The court found the Hoffman decision controlling for three reasons.  First, it found that the cases involve the IRCA’s interplay with state tort law in the same way Hoffman involved the IRCA’s interplay with federal labor law.  By rendering this finding, the court concluded that an award of damages based on the U.S. wages Sanango and Balbuena might have earned unlawfully “condones prior violations of the immigration laws.” Sanango, 2004 N.Y. App. Div. LEXIS 15637 at *9, quoting Hoffman, 535 U.S. at 151.  Second, the court found that an award of damages for lost U.S. wages in these cases would, like the Hoffman back pay award, encourage future violations of the IRCA, since mitigation of damages is a requirement under both federal labor law and New York tort law.  Finally, the court argued that if the U.S. Supreme Court found that a co-equal federal statute such as the National Labor Relations Act, under which the action that resulted in the Hoffman decision was brought, must give way to the IRCA, it follows that a state law, which pursuant to the U.S. Constitution’s Supremacy Clause is subordinate to any federal policy, must give way to the IRCA as well.

In its decision, the N.Y. appellate court cited a recent lower court opinion, Majlinger v.
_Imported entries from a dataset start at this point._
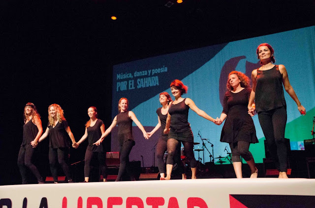 afincada en la isla.La segunda mitad del evento comenzaba con una coreografía inspirada en el poema de Marivel Lacave ‘Campos de Tinduf’ que representaron las alumnas de contemporánea de Espaciodanza Fuerteventura. La Familia Flotante, parte musical del proyecto 'La vuelta al mundo en 80 guitarras', cosechó sonoros aplausos con su muestra de flamenco y jazz.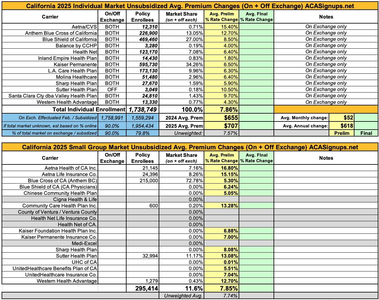 California: Preliminary avg. unsubsidized 2025 #ACA rate changes: +7.9%; 40K DACA recipients to be eligible for #ACA coverage this fall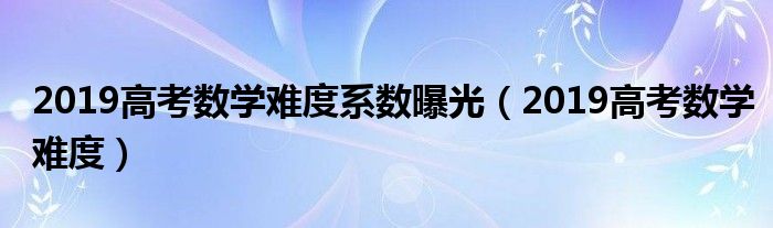 大家好,小式来为大家解答以上的问题。2019高考数学难度系数曝光,2019高考数学难度这个很多人还不知道,现在让我们一起来看看吧!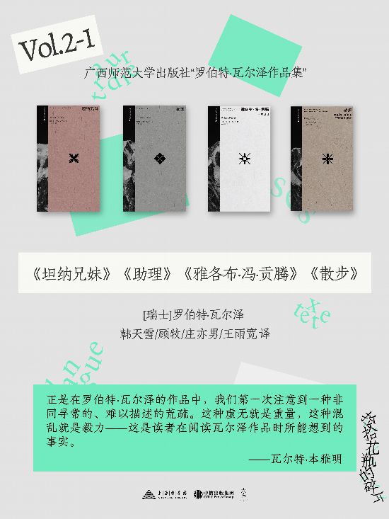 瓦尔泽在德语文学中有着至关重要的地位,他被认为与卡夫卡和穆齐尔齐名,是现代德语文学的奠基人,但他在中文世界的引介一直不足。直到去年下半年,有四家出版社和出版公司先后推出了他的几部重要作品的译本,让读者可以一窥这位作家的文字和精神。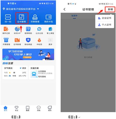 实名认证通过后点击首页中上方【证书管理】跳转至【图2】,点击【新增】,填写相关信息;
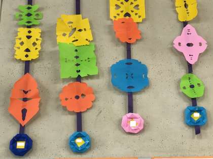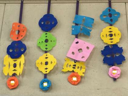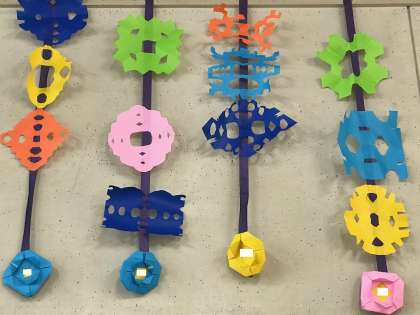 折り紙を四角や三角に折って切ってつくります。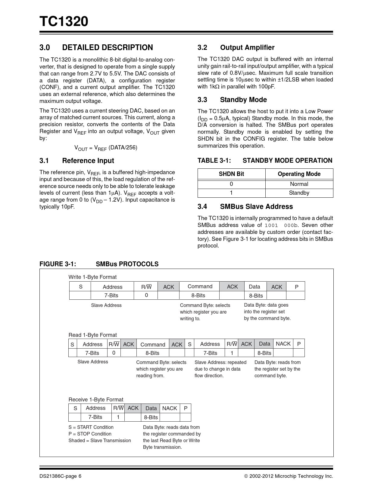 link to page 6 TC13203.0DETAILED DESCRIPTION3.2Output Amplifier The TC1320 is a monolithic 8-bit digital-to-analog con- The TC1320 DAC output is buffered with an internal verter, that is designed to operate from a single supply unity gain rail-to-rail input/output amplifier, with a typical that can range from 2.7V to 5.5V. The DAC consists of slew rate of 0.8V/sec. Maximum full scale transition a data register (DATA), a configuration register settling time is 10sec to within ±1/2LSB when loaded (CONF), and a current output amplifier. The TC1320 with 1k in parallel with 100pF. uses an external reference, which also determines the maximum output voltage. 3.3Standby Mode The TC1320 uses a current steering DAC, based on an The TC1320 allows the host to put it into a Low Power array of matched current sources. This current, along a (IDD = 0.5A, typical) Standby mode. In this mode, the precision resistor, converts the contents of the Data D/A conversion is halted. The SMBus port operates Register and VREF into an output voltage, VOUT given normally. Standby mode is enabled by setting the by: SHDN bit in the CONFIG register. The table below V summarizes this operation. OUT = VREF (DATA/256) 3.1Reference InputTABLE 3-1:STANDBY MODE OPERATION The reference pin, VREF, is a buffered high-impedance SHDN BitOperating Mode input and because of this, the load regulation of the ref- erence source needs only to be able to tolerate leakage 0 Normal levels of current (less than 1A). VREF accepts a volt- 1 Standby age range from 0 to (VDD – 1.2V). Input capacitance is typically 10pF. 3.4SMBus Slave Address The TC1320 is internally programmed to have a default SMBus address value of 1001 000b. Seven other addresses are available by custom order (contact fac- tory). See Figure 3-1 for locating address bits in SMBus protocol. FIGURE 3-1:SMBus PROTOCOLS Write 1-Byte Format S Address R/W ACK Command ACK Data ACK P 7-Bits 0 8-Bits 8-Bits Slave Address Command Byte: selects Data Byte: data goes which register you are into the register set writing to. by the command byte. Read 1-Byte Format S Address R/W ACK Command ACK S Address R/W ACK Data NACK P 7-Bits 0 8-Bits 7-Bits 1 8-Bits Slave Address Command Byte: selects Slave Address: repeated Data Byte: reads from which register you are due to change in data the register set by the reading from. flow direction. command byte. Receive 1-Byte Format S Address R/W ACK Data NACK P 7-Bits 1 8-Bits S = START Condition Data Byte: reads data from P = STOP Condition the register commanded by Shaded = Slave Transmission the last Read Byte or Write Byte transmission. DS21386C-page 6 2002-2012 Microchip Technology Inc.
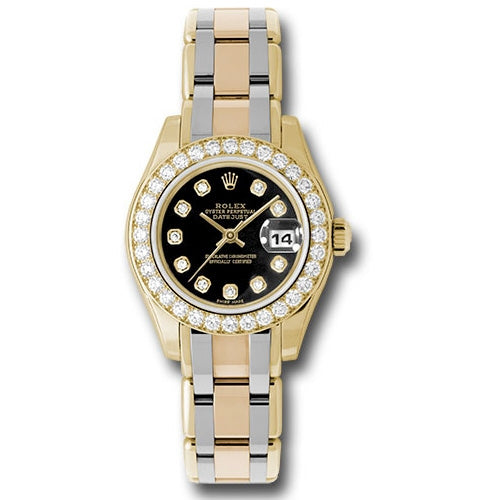 Rolex 80298bic bkd Masterpiece Oyster Perpetual Lady-Datejust Pearlmaster Watch. 29mm 18K yellow gold case, bezel set with 32 diamonds, black dial, diamond hour markers, Tridor Pearlmaster bracelet (18K yellow, white, and pink gold).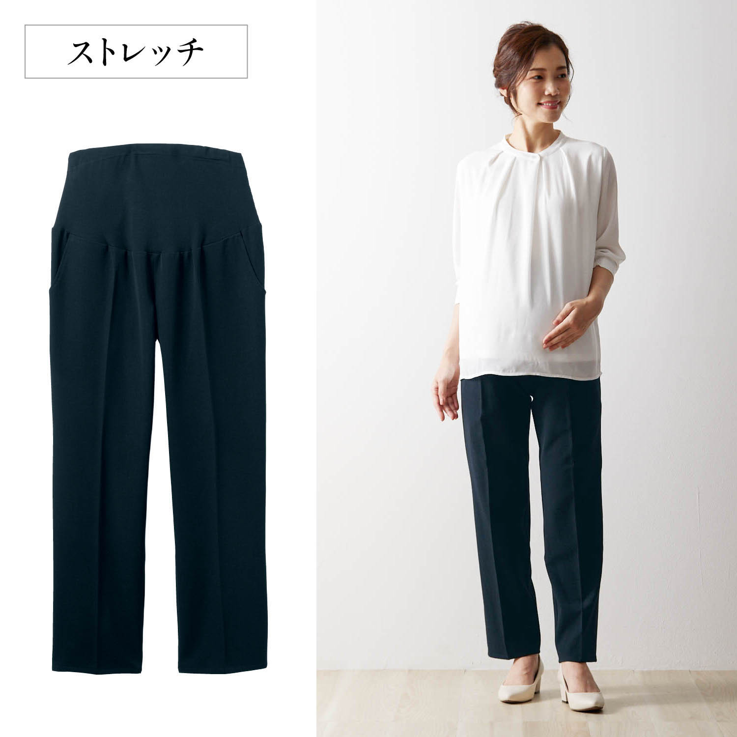 センタープレス入りのテーパードシルエットですっきりはける美脚パンツ。ストレッチが効いているので動きやすくストレスフリーではけるのもポイントです。腹部はカットソー切り替えで臨月まで対応可能。アジャスターでサイズ調整可能抜け感のある九分丈お尻部分はフェイクポケット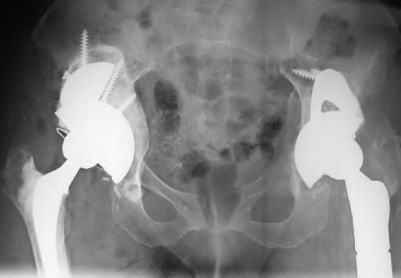 Osteolysis of the pelvis is a common complication associated with total hip arthroplasty. Osteolysis affects sockets with and without cement, and has been attributed to the biologic reaction to wear debris. With well-fixed cementless sockets, an expansile pattern of osteolysis is usually seen.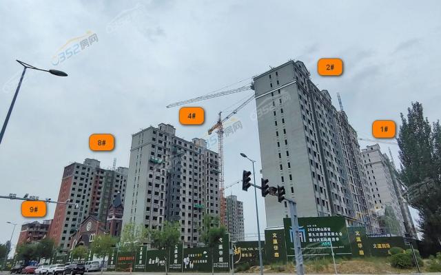 截止2023年7月4日,文瀛華庭各樓棟有序施工中,南側樓棟建設較快,6#、8#、9#等樓棟進行外立面建設,東側大門初現雛形,英倫風格顯現。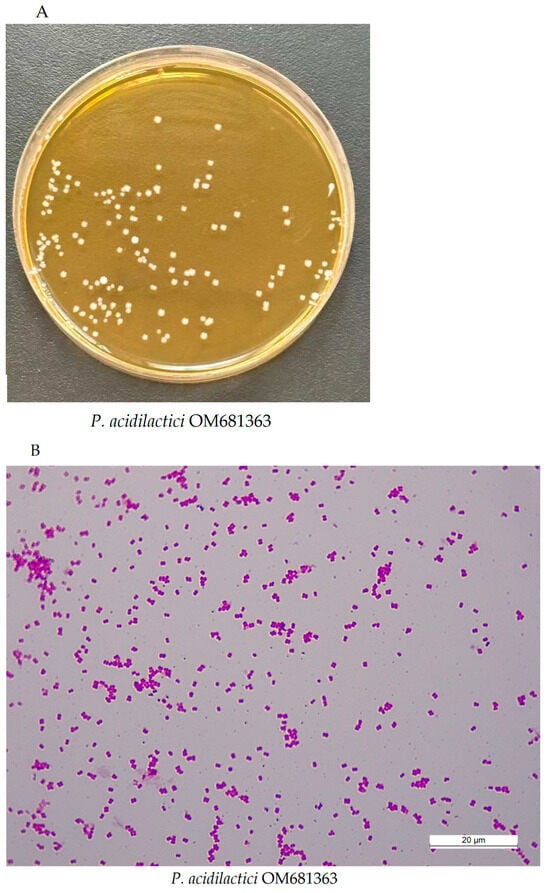 - Fugaban, J.I.I.; Bucheli, J.E.V.; Park, Y.J.; Suh, D.H.; Jung, E.S.; Ivanova, I.V.; Holzapfel, W.H.; Todorov, S.D. Antimicrobial Properties of Pediococcus acidilactici and Pediococcus pentosaceus Isolated from Silage. J. Appl. Microbiol. 2022, 132, 311–330. [Google Scholar] [CrossRef] [PubMed]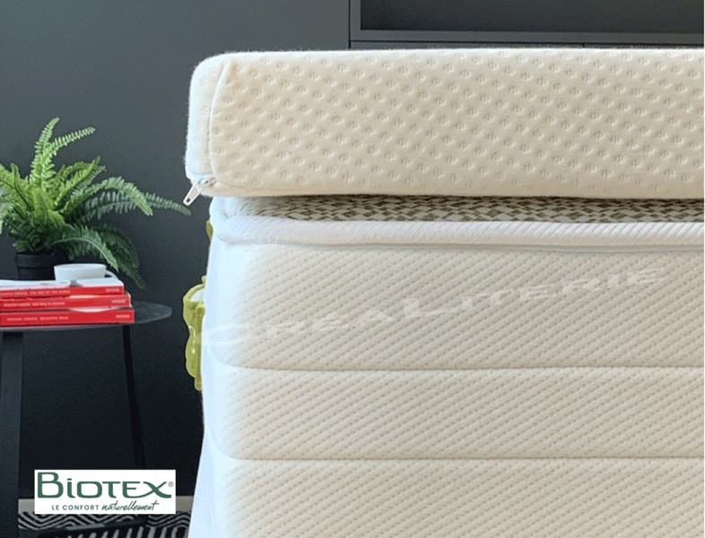 Surmatelas mémo sensitive Biotex 160×200 Visco Végétale à mémoire de forme housse coton bio Fabrication Française par Biotex.
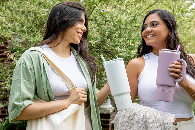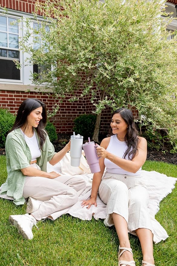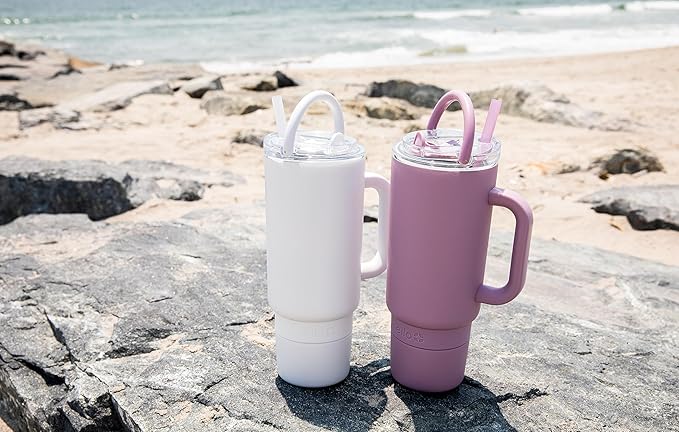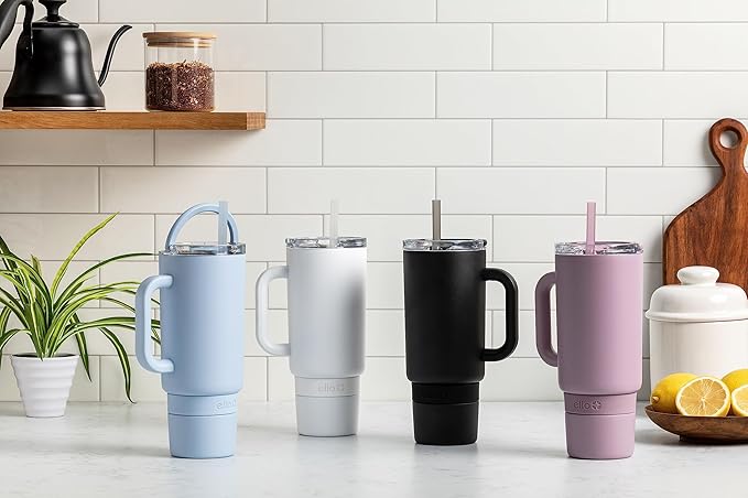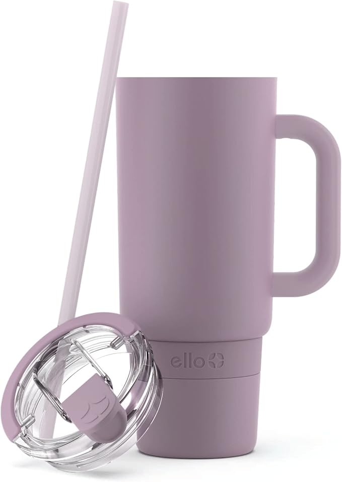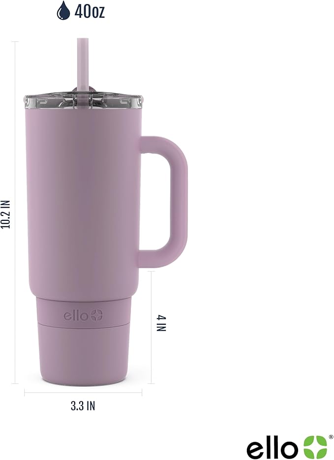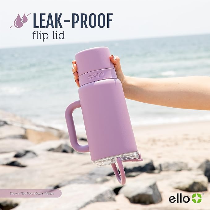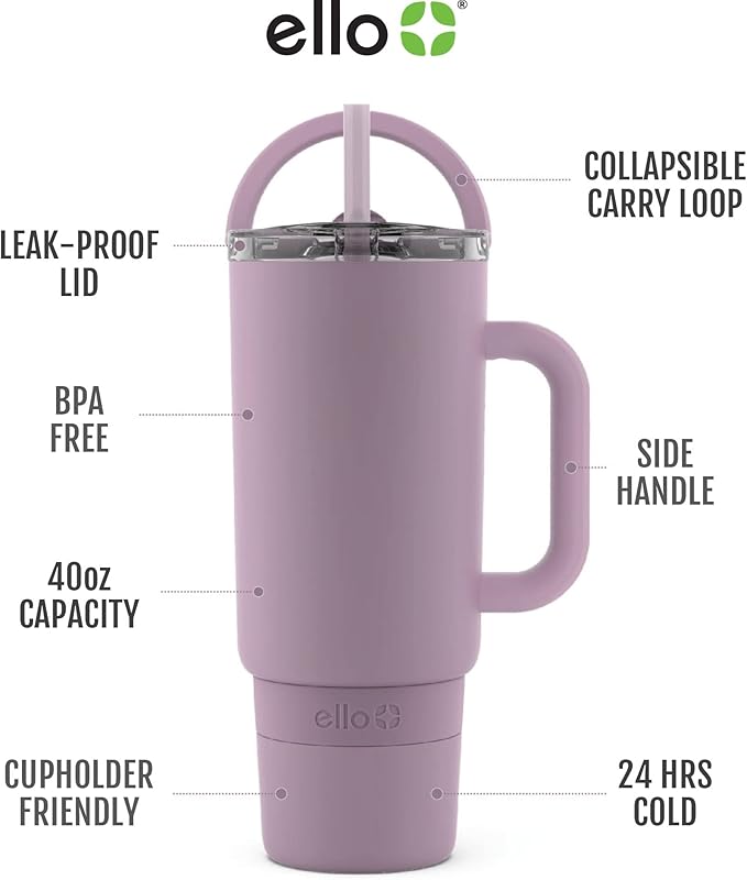 Ello Port 40oz Tumbler with Carry Loop & Integrated Handle, Vacuum Insulated Stainless Steel Reusable Water Bottle, Travel Mug with Leak Proof Lid and Straw, Perfect for Iced Coffee and Tea, Mauve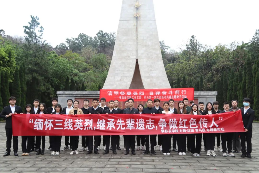 为深入学习贯彻习近平总书记关于弘扬英烈精神、传承红色基因的重要指示精神,深切表达对三线建设者们的崇高敬意,加强领导干部深入基层联系学生工作,创新探索党支部共建、与学生社团结对等方式,推进党建带团建,焕发组织青春活力,4月2日上午,党委书记王斌、党委副书记胥刚带领机关党委一支部、钒钛学院教工党支部和团委开展“清明祭奠英烈传承三线精神自律奋斗前行”——清明节主题党日活动,“青马工程”班、“方毅·红班”、木棉青年社、退伍军人学生代表参加活动。

Cassino Corp., which found that the Hoffman decision should be read to preclude undocumented workers from recovering wages they would have earned in the U.S. (see “N.Y. Court, Relying on Hoffman, Denies Worker’s Lost Earnings Award,” IRU, Nov. 24, 2003, p. 9).  It is important to note, however, that in another recent decision, Assif Asgar-Ali v. Hilton Hotel Corp, a New York court explicitly rejected Majlinger (see “New York Court Rejects Discovery of Workers’ Immigration Status in Workers’ Compensation Claim, IRU, Dec. 22, 2004, p. 5).  Therefore, the issue of whether Hoffman requires courts to find that the IRCA preempts New York state laws is far from resolved. 

Despite its ruling that Sanango and Balbuena are not entitled to recover lost earnings damages based on the wages they may have earned in the U.S, the appellate court also held that the IRCA did not require a total bar to recovery of lost wages for the two plaintiffs.  It based this finding on the theory that “an award based on a prevailing foreign wage would not offend any federal policy.” Balbuena, 2004 N.Y. App. Div. LEXIS 15627 *2.  The court therefore remanded both cases to afford plaintiffs an opportunity to prove the wages that, but for their injuries, they would have been able to earn in their home countries.

These New York appellate court decisions represent a very troubling expansion of Hoffman, one that severely limits injured immigrant workers’ access to civil tort remedies.  As the dissenting opinion in Hoffman argues, punishing undocumented workers in a way that provides an unfair advantage to an employer who has violated the IRCA does not further, but instead contravenes, the statute’s purpose and intent.  Moreover, the position that the IRCA preempts N.Y. labor law remedies is one that is extreme and that has been rejected by other courts.  The appellate court’s attempt to mitigate the impact of its decisions by finding that the plaintiffs can recover lost wages in relation to what they might have earned in their home countries is equally troubling, as it rewards unscrupulous employers who use the fact that their employees are undocumented to intimidate them out of asserting their workplace rights. 

Balbuena v. IDR Realty LLC, et al., 787 N.Y.S.2d 35 (2004);
Sanango v. East 16th St. Housing Corp.,
2004 N.Y. App. Div. LEXIS 15637 (Dec. 28, 2004).